The sale of homes in Canada has nose dived in January to the lowest levels seen in three years.
The Canadian Real Estate Association (CREA) said that home sales through the Multiple Listing Service (MLS) declined by 14.5 per cent from December to January this year.
Experts cite one of the big factors is the new mortgage rules that came into effect at the beginning of this year which have created homebuyer uncertainty and confusion. The new mortgage-qualification rules require home buyers to qualify for interest rates that are two per cent higher than the rate negotiated on their mortgages. Rising interest rates and wintery weather conditions are also pointed to as reasons that buyers are not purchasing homes.
Overall, CREA said activity last month was down in three-quarters of all local markets across the country, including most major urban centres.

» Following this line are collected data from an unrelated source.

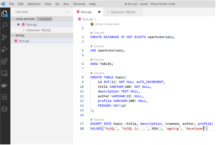 vscode, visual studio code에서 MySQL사용하기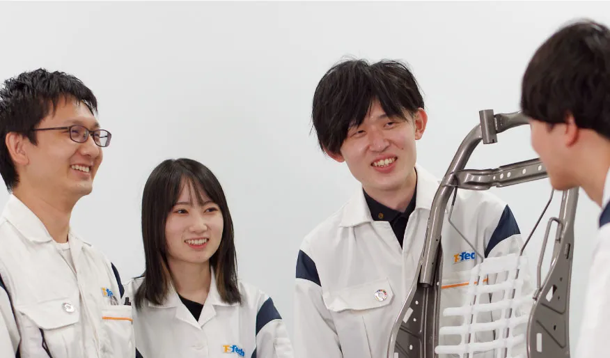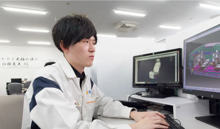 幼少期に車好きの父と訪れた東京モーターショーで、将来、自動運転やロボットが自動車を操縦する夢のような世界がやってくることに衝撃を受け、いつかこんな世界を実現したいという夢を抱くようになりました。また、学生時代に鳥人間コンテストへ出場した経験があり、人力で動かすモノづくりの楽しさを学び、より人に近い製品を作るエンジニアになりたいと思いました。大学院ではどちらかと言えば自動車よりも航空機に関連した勉強をしてきましたが、企業研究の過程でテイ・エス テックとJAXAの共同開発を知り、その技術力の高さに驚きました。また、シートは人に最も近い製品であり、誰かの役に立っているということを感じるモノづくりができることから興味を持ちました。自動車業界が大変革期を迎える中、未来の車室内空間を造り出すことで誰かの役に立つということにやりがいを感じるとともに、自分の夢も実現できると考え、最終的に入社を決めました。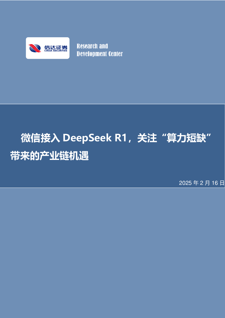 信达证券:微信接入DeepSeekR1,关注“算力短缺”带来的产业链机遇.pdf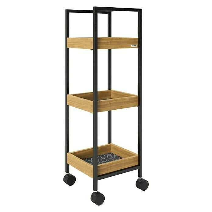 Der Rolltisch Nancy aus der Playboy-Home Kollektion ist im Club-Stil der 60er Jahre gehalten. Die 2 schwarzen Ablagen mit Holzakzenten kombiniert mit dem schwarzen Metallgestell runden das Retro-Design vollkommen ab. Der praktische Tisch lässt sich durch die 4 Rollen einfach verschieben und eignet sich für alle Räumlichkeiten. Die zwei Böden bieten ausreichend Ablagefläche für Ihre Dinge. Der mobile Beistelltisch ist auch als Servierwagen gut geeignet. Alle Artikel der Playboy-Home Kollektion sind farblich und im Design aufeinander abgestimmt. Alle Möbel und Accessoires ergeben zusammen ein wertiges Gesamtkonzept.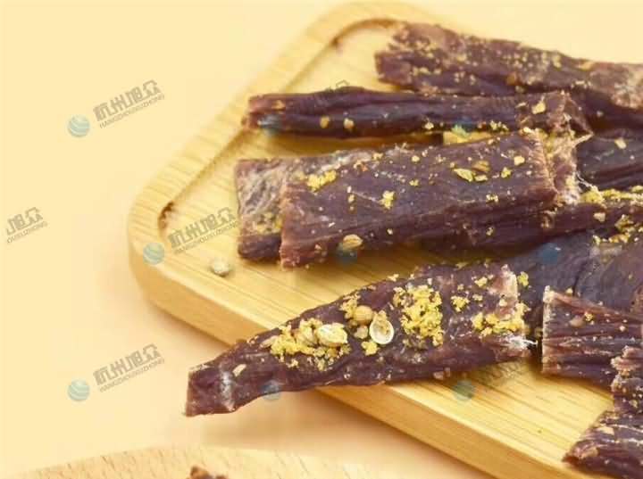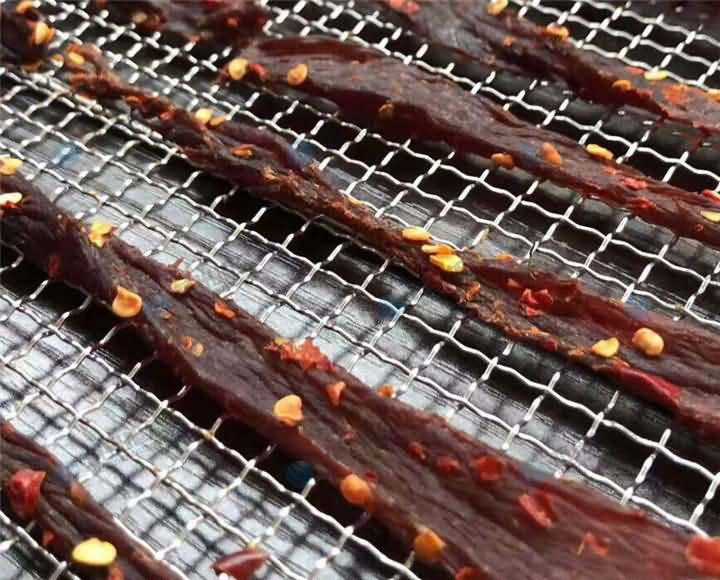 牛肉干的生產工藝流程:選料→腌制→烘干→冷卻→包裝,研究表明,與傳統工藝相比,通過循環熱風烘干的牛肉色澤更均勻,口味更佳,并且可以有效的避免因天氣因素造成的變質問題,且要保證牛肉的口感。那么先來看看經空氣能烘干機烘干后的牛肉干效果:

The group said many of the biggest sales declines were seen in Ontario’s Greater Golden Horseshoe markets, where sales rose late last year following the announcement of the tighter mortgage rules.
In Niagara, home sales dropped by 19 per cent compared to a month earlier, while in Toronto sales declined by 27 per cent, and by 32 per cent in Hamilton-Burlington.

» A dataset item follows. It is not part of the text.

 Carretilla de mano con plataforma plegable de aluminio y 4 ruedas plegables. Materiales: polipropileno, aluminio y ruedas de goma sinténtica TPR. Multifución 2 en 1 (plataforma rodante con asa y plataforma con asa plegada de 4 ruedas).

Despite sales being down, the positive for home owners is that the average housing prices across Canada continue to rise. In niagara, the residential average sale price of $371,359 was 10.17% higher than last January. The average days on market increased from 36 to 46 in the residential freehold market and increased from 44 to 54 in the condominium market.
Below, a chart from the Niagara Association of Realtors that shows market activity in selected niagara areas:
Sales overall are expected to pick up as the spring market emerges.